* **Aim of the task**
Would you please set down, word for word, the lines from the one with "Совместно с партнёром" through the final line of the data below, omitting any pictures?

Stored dataset items:
......

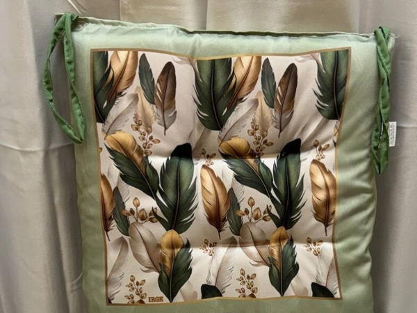 I cuscini sedia IRGE con stampa digitale sono perfetti per arredare cucina, sala da pranzo o terrazzo con eleganza. La loro imbottitura morbida, la misura maxi 50x50 cm e i pratici lacci di fissaggio garantiscono stabilità e comodità su qualsiasi sedia.
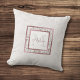 Este travesseiro elegante apresenta uma textura branca falsa de couro e um nome e monograma personalizáveis em um mármore falso e uma estrutura metálica de rosa de ouro.
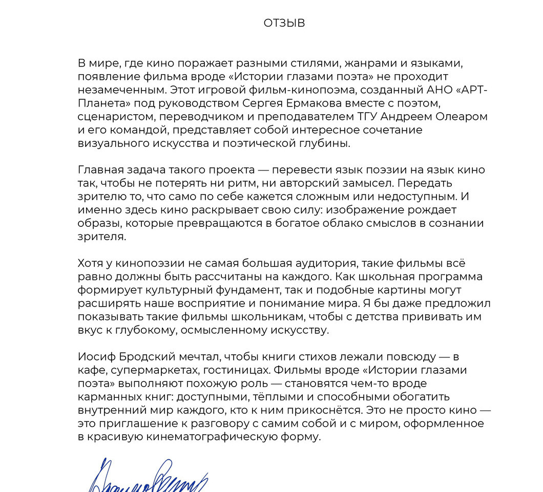 Совместно с партнёром АНО "АРТ-Планета" поэтом, сценаристом, переводчиком, преподавателем ТГУ Андреем Олеаром и его командой единомышленников, мы приступаем к созданию игрового фильма-кинопоэмы «ИСТОРИЯ ГЛАЗАМИ ПОЭТА».
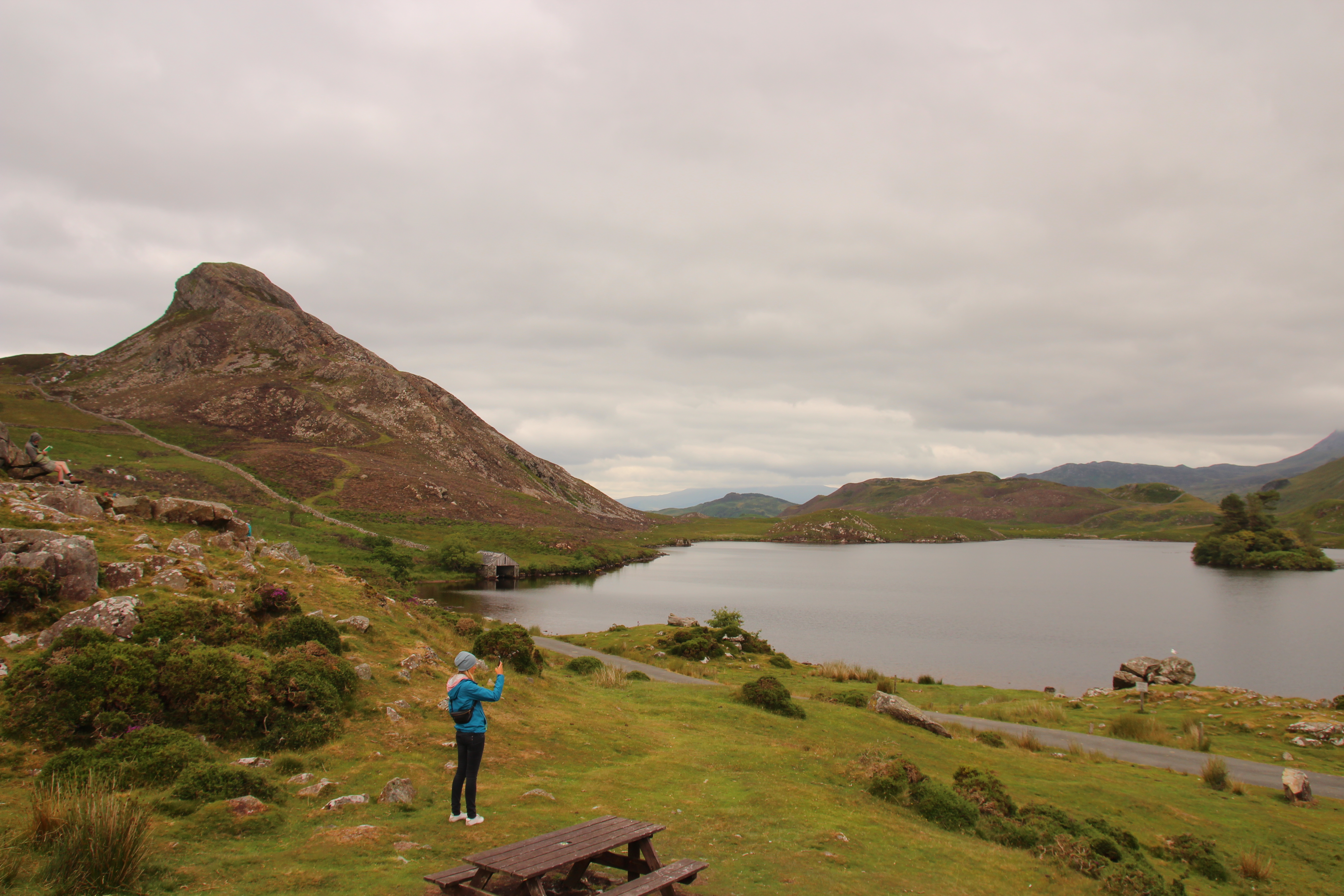 Weiter ging es nach Dolgellau wo es in einem urigen Cafe das erste orignial English – äh Welsh Breakfast für uns gab. Anschließend verfuhren wir uns ein bisschen und landeten, statt an einem Bachlauf mit Wasserfällen, auf einem Hochplateau mit einem wunderschönen See. Vor allem die Stille dort oben beeindruckte mich total. Es war vielleicht eher die Abwesenheit von Lärm, als wirkliche Stille. Außer Vogelgezwitscher und einem gelegentlichen Schafsblöken war praktisch nichts zu hören. Ich hätte dort gut auch etwas länger verweilen können. Für die, die es interessiert: Zwei ornithologische Beobachtungen seien noch erwähnt: ein Schwarzkehlchen (von denen wir mittlerweile schon mehrere gesehen haben) und das Weibchen eines Steinschmätzers.
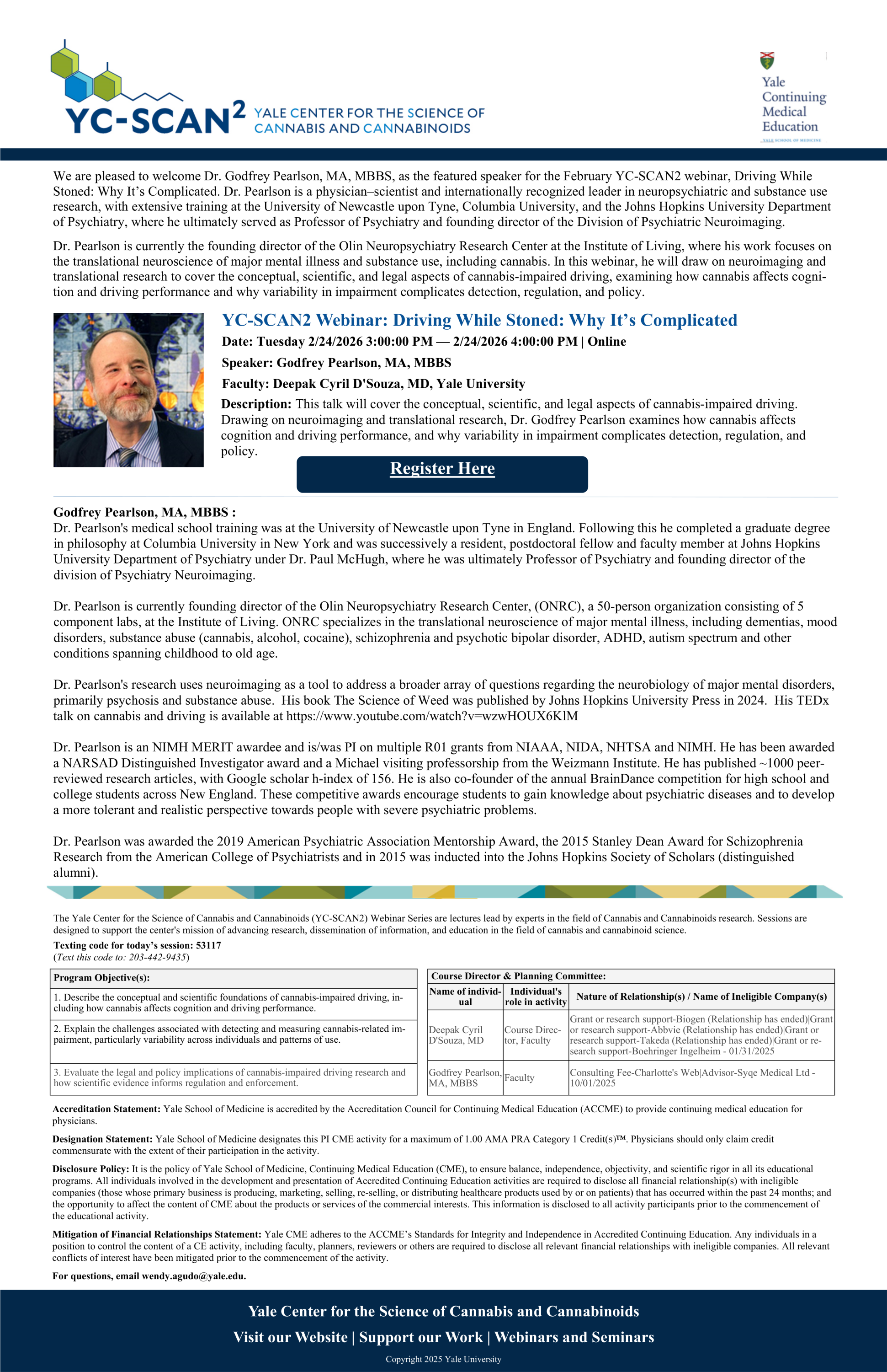 We are pleased to welcome Dr. Godfrey Pearlson, MA, MBBS, as the featured speaker for the February YC-SCAN2 webinar, Driving While

......

* **Solution**
 Совместно с партнёром АНО "АРТ-Планета" поэтом, сценаристом, переводчиком, преподавателем ТГУ Андреем Олеаром и его командой единомышленников, мы приступаем к созданию игрового фильма-кинопоэмы «ИСТОРИЯ ГЛАЗАМИ ПОЭТА».
 Weiter ging es nach Dolgellau wo es in einem urigen Cafe das erste orignial English – äh Welsh Breakfast für uns gab. Anschließend verfuhren wir uns ein bisschen und landeten, statt an einem Bachlauf mit Wasserfällen, auf einem Hochplateau mit einem wunderschönen See. Vor allem die Stille dort oben beeindruckte mich total. Es war vielleicht eher die Abwesenheit von Lärm, als wirkliche Stille. Außer Vogelgezwitscher und einem gelegentlichen Schafsblöken war praktisch nichts zu hören. Ich hätte dort gut auch etwas länger verweilen können. Für die, die es interessiert: Zwei ornithologische Beobachtungen seien noch erwähnt: ein Schwarzkehlchen (von denen wir mittlerweile schon mehrere gesehen haben) und das Weibchen eines Steinschmätzers.
 We are pleased to welcome Dr. Godfrey Pearlson, MA, MBBS, as the featured speaker for the February YC-SCAN2 webinar, Driving While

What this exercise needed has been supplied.